When you start or grow a company, issuing shares to investors, partners, or team members is a key part of raising capital and allocating ownership. But what happens when those shares aren’t fully paid for upfront?
That’s where “calls on shares” come in.
If you’re a business owner or director, understanding how calls work—and what your legal obligations are—is essential for staying compliant under the Companies Act, No. 07 of 2007 (Sri Lanka).
🔍 What Is a Call on Shares?
A call on shares is when a company formally requests a shareholder to pay part (or all) of the remaining amount owed on their shares—or to fulfil another obligation attached to those shares.
This happens when:
- Shares are not fully paid at the time of issue, or
- There is a non-cash obligation linked to owning the shares (such as delivering services, assets, or other consideration).
✅ Example:
Let’s say you issue 1,000 shares at Rs. 10 each, but ask shareholders to pay only Rs. 5 upfront. Later, you can make a call for the remaining Rs. 5 per share.
🏢 What Does the Law Require? (Section 55)
Once a shareholder has:
- Paid the call amount, or
- Completed their obligation (like delivering a promised asset or service),
Your company has 10 working days to notify the Registrar of Companies.
This notice must include:
- 📄 The amount of the call, or its value (if it wasn’t paid in cash), and
- 📊 The updated “stated capital” of the company after receiving the payment or benefit.

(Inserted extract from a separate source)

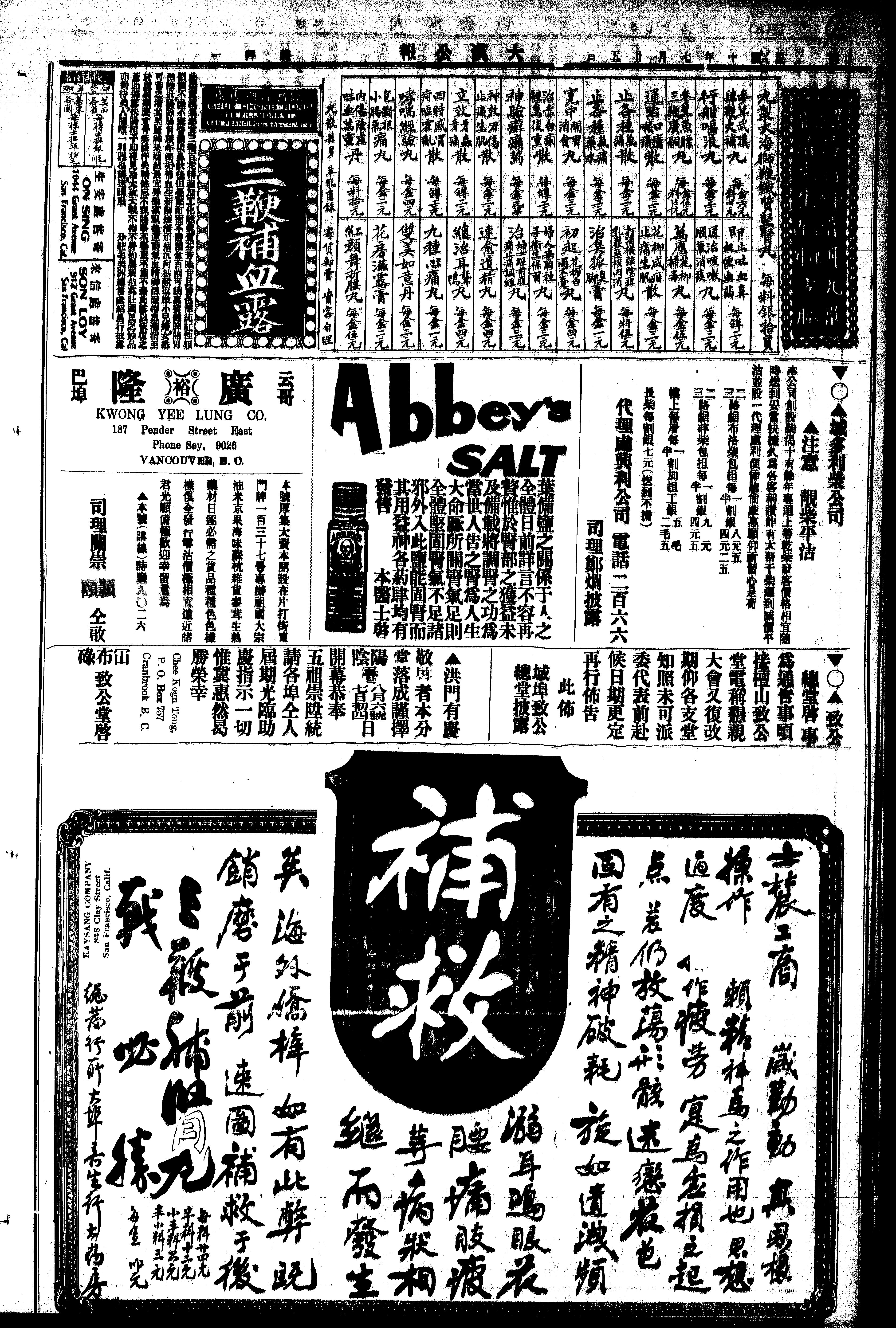 - Vancouver, British Columbia : Tai Hon Kong Bo Ltd., 1921

⚠️ What Happens If You Don’t File the Notice?
Failing to comply is a legal offence. If your company does not submit the notice within 10 working days:
- 🏢 The company can be fined up to Rs. 50,000, and
- 👨💼 Each responsible officer (e.g., directors, company secretary) can be fined up to Rs. 50,000 individually.
💡 Reminder: These penalties apply per instance, so missing multiple filings can quickly become expensive and damaging to your reputation.
🧾 Step-by-Step: What to Do When Making a Call on Shares
✅ Step | 📌 Action |
---|---|
1️⃣ | Make the official call on unpaid shares or obligations |
2️⃣ | Receive the payment or fulfilment from the shareholder |
3️⃣ | Update your stated capital records accordingly |
4️⃣ | File a notice with the Registrar within 10 working days |
5️⃣ | Keep a record of the call, receipt, and filing for future reference |
📈 Why This Matters to You as a Business Owner
- ✅ Keeps your company legally compliant
- ✅ Protects your officers from personal penalties
- ✅ Ensures accurate shareholding and capital reporting
- ✅ Improves investor confidence and regulatory credibility
Whether you’re working with external investors or closely held shareholders, properly handling calls on shares shows professionalism and responsibility.
🧑💼 Need Help?
Issuing shares and making calls can seem straightforward—but the legal and financial details matter.
If you’re planning to make a call on shares, or need help with Registrar filings, talk to your:
- 📘 Company secretary
- 📋 Corporate lawyer
- 📊 Chartered accountant
They’ll help you stay compliant, avoid penalties, and maintain a clean corporate record.